By Gil Milanes
Political science professor Maria Lou Calanche works to leave a legacy for the youth in Ramona Gardens Housing projects owned by the City of Los Angeles, the community where she grew up.
Once she is done teaching at East Los Angeles College as a full-time professor, Calanche continues what most people would consider a second full-time job at Legacy L.A.
The organization has been serving the community for nine years and Calanche serves as the executive director.
Legacy L.A. is a non-profit organization that helps students, middle school through high school, stay away from the streets. The organization helps them become better students and encourages them to be leaders in their own communities.
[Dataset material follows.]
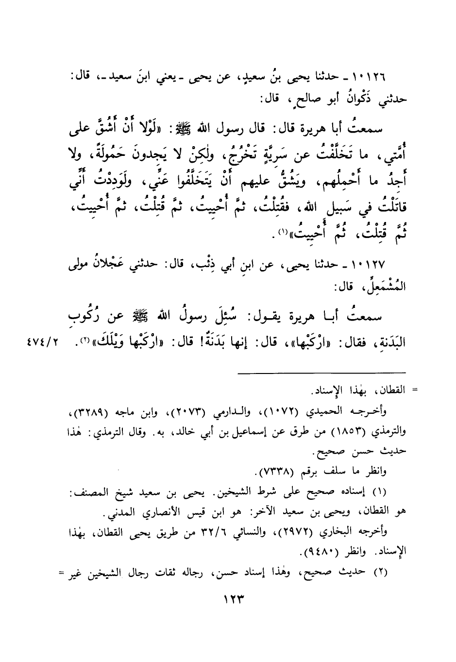 ١٠١٢٦ - حَدَّثَنَا يَحْيَى بْنُ سَعِيدٍ، عَنْ يَحْيَى يَعْنِي ابْنَ سَعِيدٍ، قَالَ: حَدَّثَنِي ذَكْوَانُ أَبُو صَالِحٍ، قَالَ: سَمِعْتُ أَبَا هُرَيْرَةَ، قَالَ: قَالَ رَسُولُ اللهِ صَلَّى اللهُ عَلَيْهِ وَسَلَّمَ: " لَوْلَا أَنْ أَشُقَّ عَلَى أُمَّتِي مَا تَخَلَّفْتُ عَنْ سَرِيَّةٍ تَخْرُجُ، وَلَكِنْ لَا يَجِدُونَ حَمُولَةً، وَلَا أَجِدُ مَا أَحْمِلُهُمْ، وَيَشُقُّ عَلَيْهِمْ أَنْ يَتَخَلَّفُوا عَنِّي، وَلَوَدِدْتُ أَنِّي قَاتَلْتُ فِي سَبِيلِ اللهِ فَقُتِلْتُ، ثُمَّ أُحْيِيتُ، ثُمَّ قُتِلْتُ، ثُمَّ أُحْيِيتُ، ثُمَّ قُتِلْتُ، ثُمَّ أُحْيِيتُ " (١)

Legacy L.A. works directly with high schools around the area in order to help students graduate.
“We created a partnership with some of the schools where we take the bottom 50 to mentor them, take them to college trips, show them things outside their community,” Calanche said.
The idea to start Legacy L.A. began when Calanche went back to her community in 2007. Calanche said she found out that Ramona Gardens was still the same poor community with very few resources for the city residents.
Calanche met with a group of parents from an elementary school to figure out what the community needed.
Some of the feedback that Calanche received from parents was that they would be happy if their kids didn’t get shot, start drinking or using drugs or simply if their kids didn’t join a gang.
“People had lost hope. It was really sad for me. We had to do something in this neighborhood,” Calanche said.
Calanche decided to change her position teaching at ELAC from full-time to part-time in order to fully commit and dedicate herself to Legacy L.A.
An abandoned army building became available near Hazard Park and Calanche was able to acquire the building from the City of Los Angeles to use the space for Legacy L.A.
She has raised $3 million since 2008 to renovate the building that is home to Legacy L.A.
Construction will begin this summer and is expected to be complete by next year.
Calanche’s main focuses for Legacy L.A. are to offer tutoring for students, “create after-school programs and figure out a way to create a relationship between the cops and residents, since there was a lot of tension back then,’’ Calanche said.
Calanche believes that exposing the teens to a world outside their community can encourage them to realize that there is hope out there.
Jaqueline Velazquez is a high school freshman student who attends Legacy L.A. Velazquez has been attending the youth organization for four months now and visits the center at least three times a week.